What did FDA decide about Moderna's flu shot?
Agency moves from rejection to reconsideration
Regulators initially declined to accept a major vaccine maker’s application for a new mRNA influenza vaccine, citing concerns about the design and control used in the pivotal trial. Agency reviewers said the trial did not compare the investigational product against the best available standard, a problem that made the data inadequate for a straightforward approval pathway.
After public attention and discussions between the company and officials, the regulator reversed course and agreed to review the application. The change of stance has exposed internal disagreement about review standards and has raised worries across the vaccine industry about regulatory predictability.
What this means in practice
- The application will now enter the standard review process rather than being dismissed outright.

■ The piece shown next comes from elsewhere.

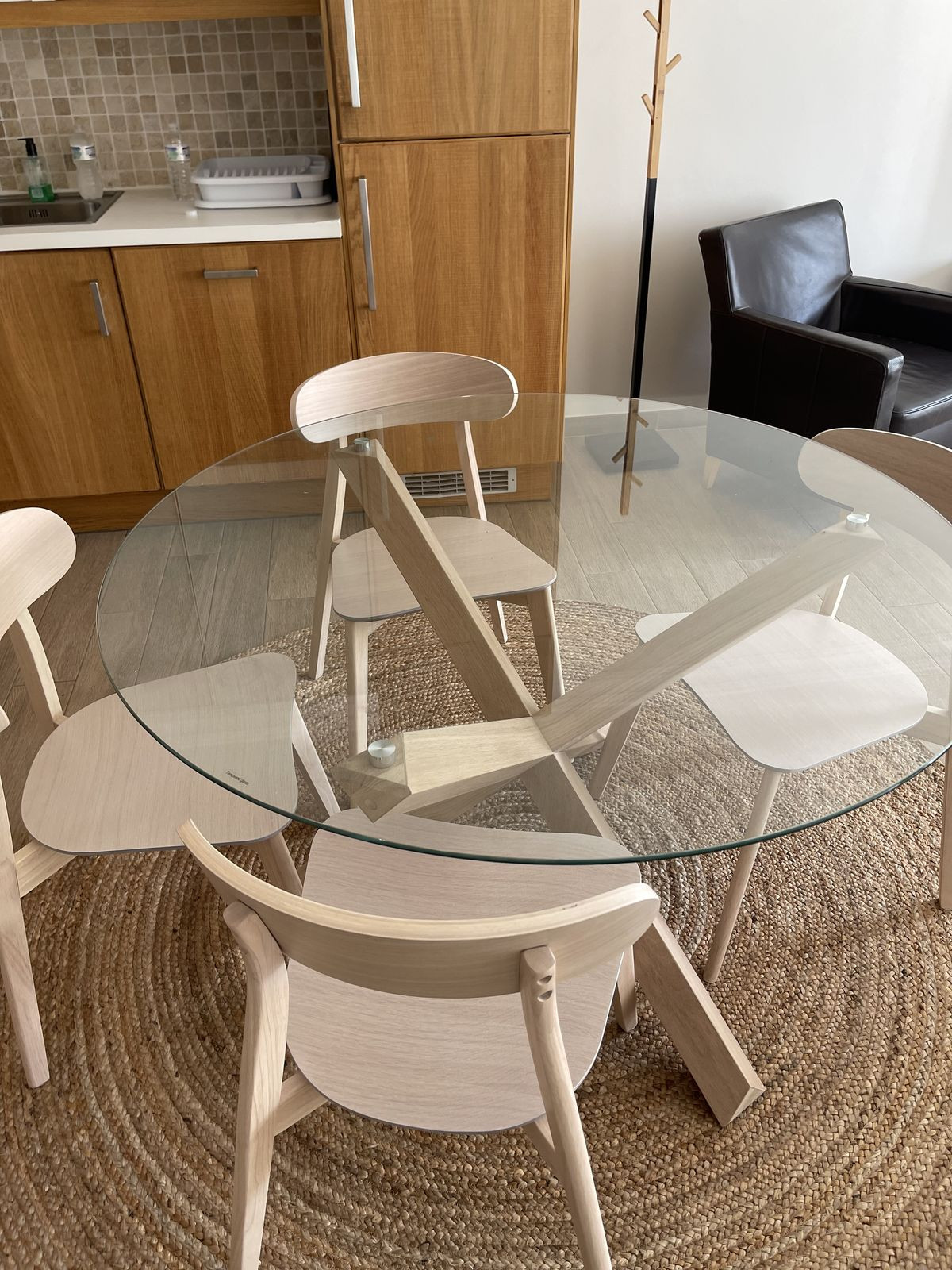 The property offers an open-plan living, dining, and kitchen area with a small balcony, ideal for enjoying the buzz of the marina, designer boutiques, and passing yachts. It also includes a bedroom and a shower room.

- The agency may seek additional analyses or clarifications about the comparator used in the company’s trial and how that choice affects interpretation of efficacy.
- The decision has prompted debate about the consistency of regulatory decisions and the potential chilling effect on vaccine innovation.
Why industry watchers are concerned
Vaccine developers say clear, stable expectations from regulators are essential when designing large, expensive clinical trials. Sudden reversals can delay access to new products and increase development costs. Public-health experts warn that uncertainty in the review process could discourage investment in next-generation vaccines, even as the global community seeks better influenza prevention tools. For clinicians and patients, the outcome will determine whether a new class of flu vaccines reaches the market and when.